Print each entry word for word without images.
BEGIN
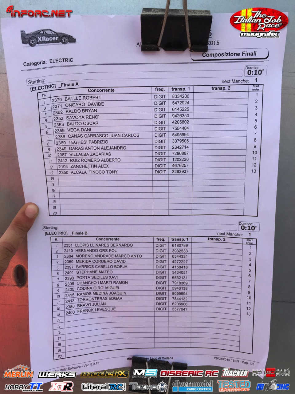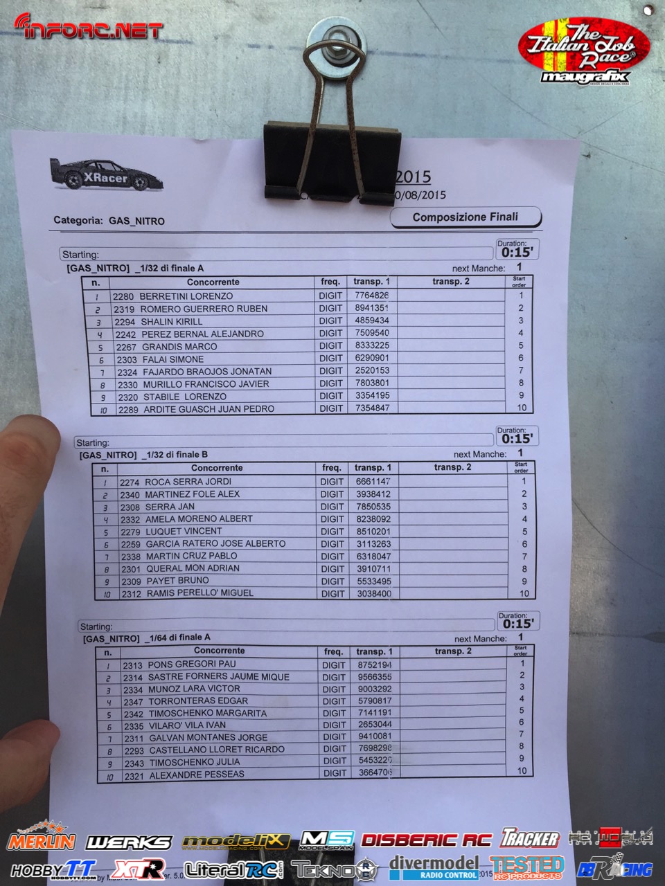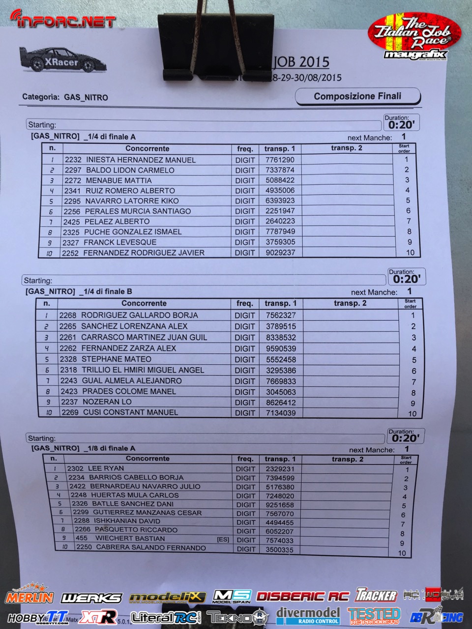 No debemos perder de vista a los hermanos Baldó, con Oscar que ya ganó aquí una prueba del Nacional 1/8 tt gas de este año, Davide Ongaro que está demostrando ser muy rápido en su adaptación a nuevos circuitos, Alex Zanchettin que es otro italiano muy rápido y otros grandes como Savoya, Daras, Vega, Candel o incluso el joven Canas.
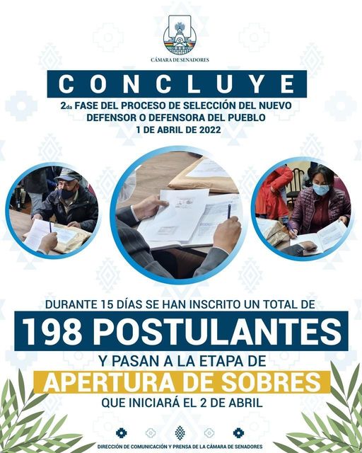 Tras haber concluido la recepción de postulaciones para el cargo de Defensor o Defensora del Pueblo con 198 inscritos en un lapso de 15 días, ahora se espera la apertura de sobres, que será el 2 de abril.
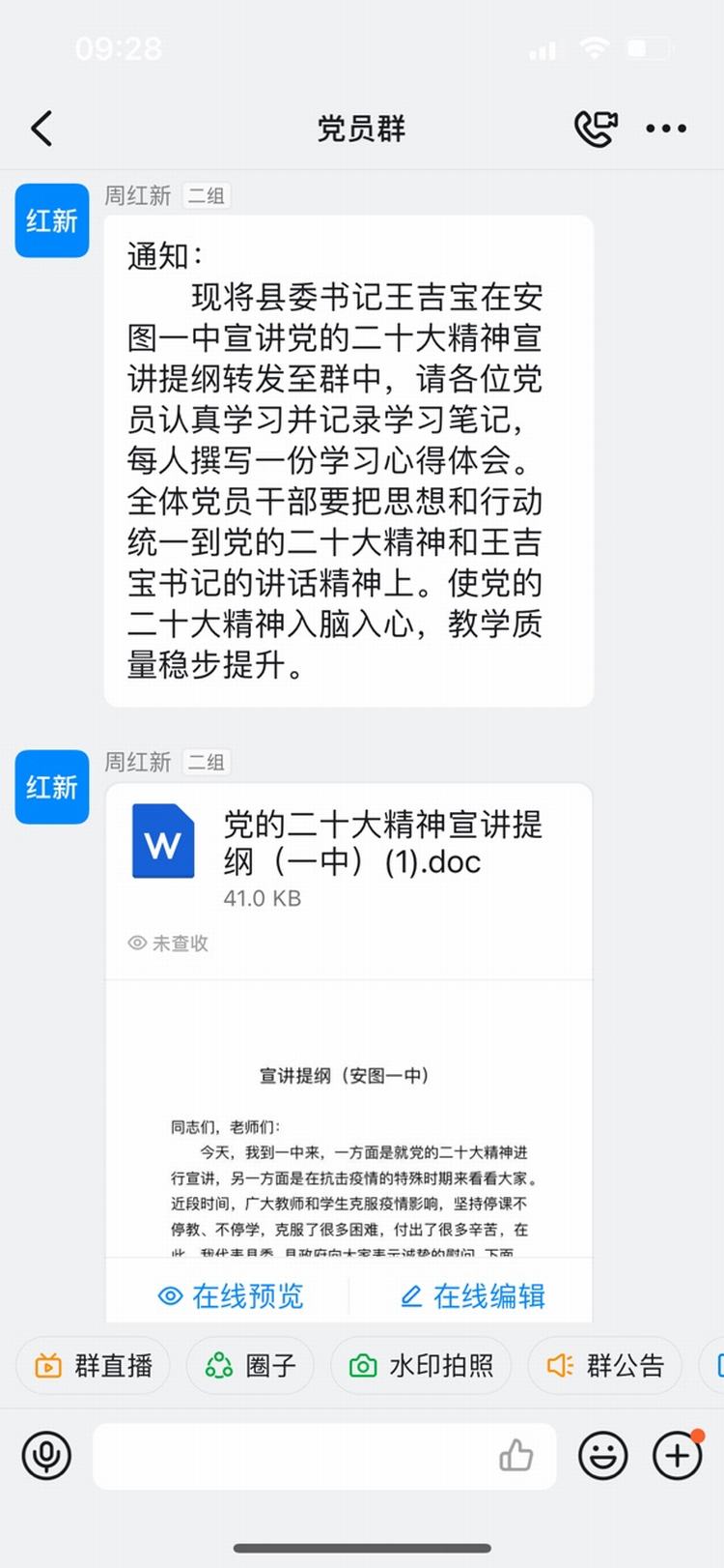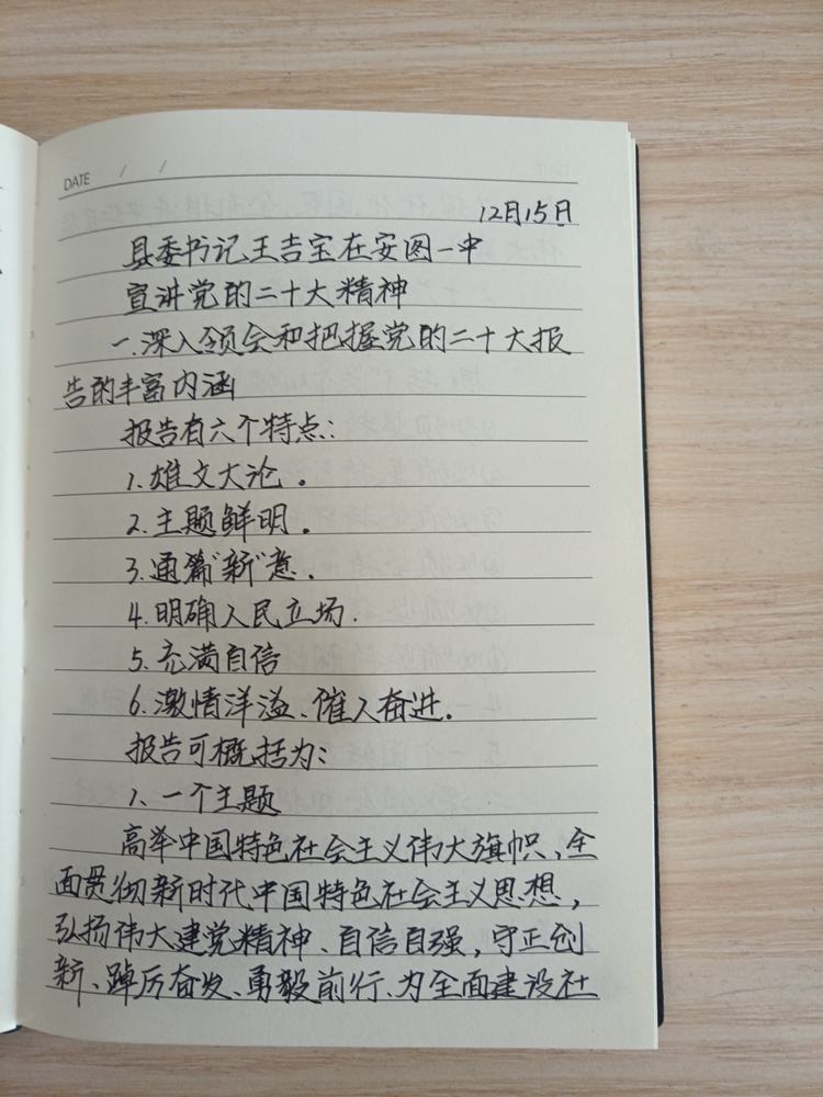 为使党的二十大精神入脑入心,扎实担当起学习、宣传、贯彻党的二十大精神的光荣使命,营造浓厚的学习氛围,王德泰红军小学组织全体党员学习县委书记王吉宝在安图一中宣讲党的二十大精神。
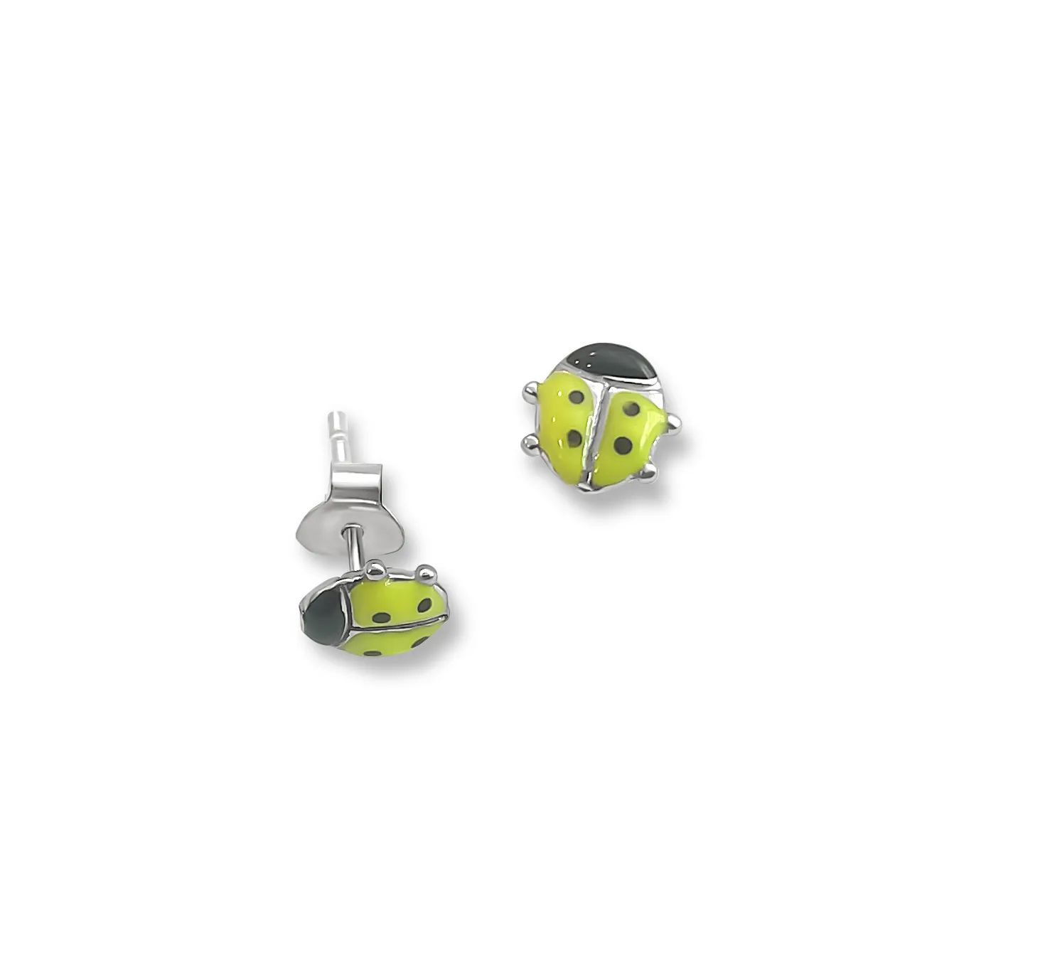 Σκουλαρίκια, παιδικά, για κορίτσια, ασημένια, με σμάλτο, πασχαλίτσες, επιπλατινωμένα, καρφωτά, woofie,0130521901
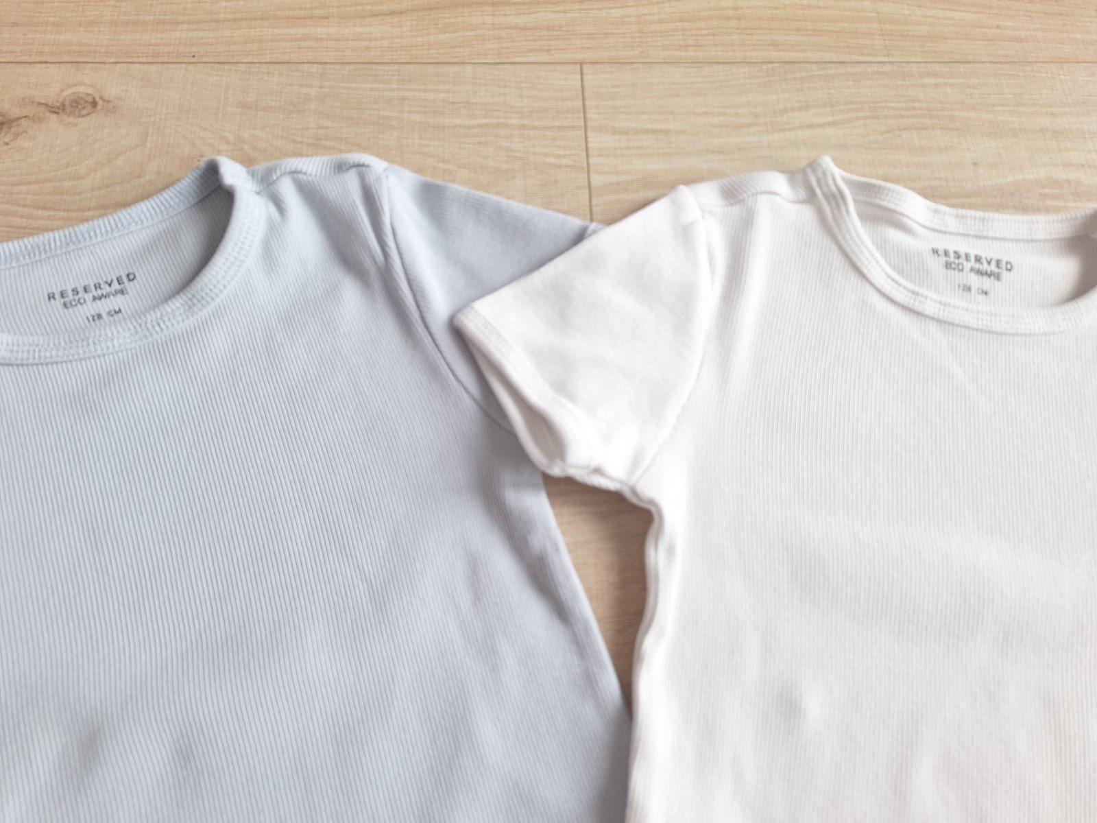 2x tričko Reserved velikost128 . Krasna bavlněná trička ,vroubkatý materiál. Světle modré a bílé. Cena za obě 80-Kč
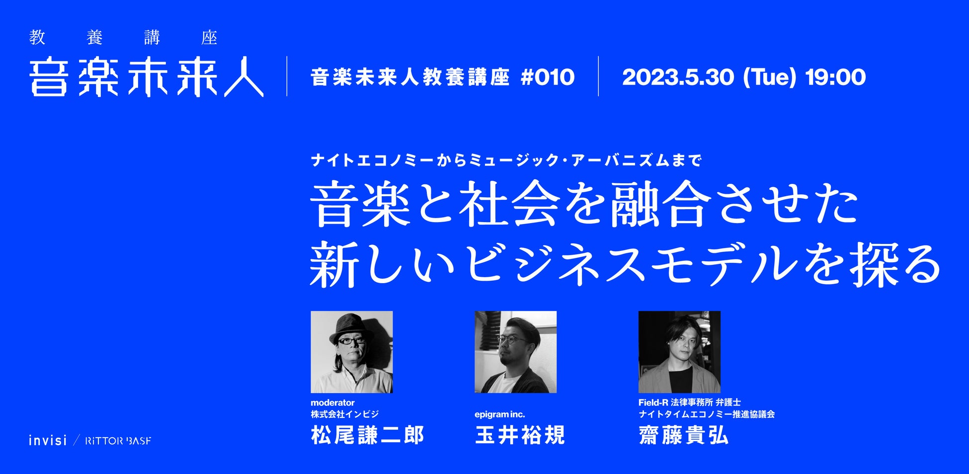 ナイトエコノミーほか新しいビジネスモデルを探る 「音楽未来人教養講座」第10回、5月30日開催。
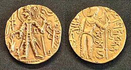 ایزدان مختلف بر روی سکههای کوشانی (نامها به زبان بلخی هستند)
END
» **THE ANSWER**:
 No debemos perder de vista a los hermanos Baldó, con Oscar que ya ganó aquí una prueba del Nacional 1/8 tt gas de este año, Davide Ongaro que está demostrando ser muy rápido en su adaptación a nuevos circuitos, Alex Zanchettin que es otro italiano muy rápido y otros grandes como Savoya, Daras, Vega, Candel o incluso el joven Canas.
 Tras haber concluido la recepción de postulaciones para el cargo de Defensor o Defensora del Pueblo con 198 inscritos en un lapso de 15 días, ahora se espera la apertura de sobres, que será el 2 de abril.
 为使党的二十大精神入脑入心,扎实担当起学习、宣传、贯彻党的二十大精神的光荣使命,营造浓厚的学习氛围,王德泰红军小学组织全体党员学习县委书记王吉宝在安图一中宣讲党的二十大精神。
 Σκουλαρίκια, παιδικά, για κορίτσια, ασημένια, με σμάλτο, πασχαλίτσες, επιπλατινωμένα, καρφωτά, woofie,0130521901
 2x tričko Reserved velikost128 . Krasna bavlněná trička ,vroubkatý materiál. Světle modré a bílé. Cena za obě 80-Kč
 ナイトエコノミーほか新しいビジネスモデルを探る 「音楽未来人教養講座」第10回、5月30日開催。
 ایزدان مختلف بر روی سکههای کوشانی (نامها به زبان بلخی هستند)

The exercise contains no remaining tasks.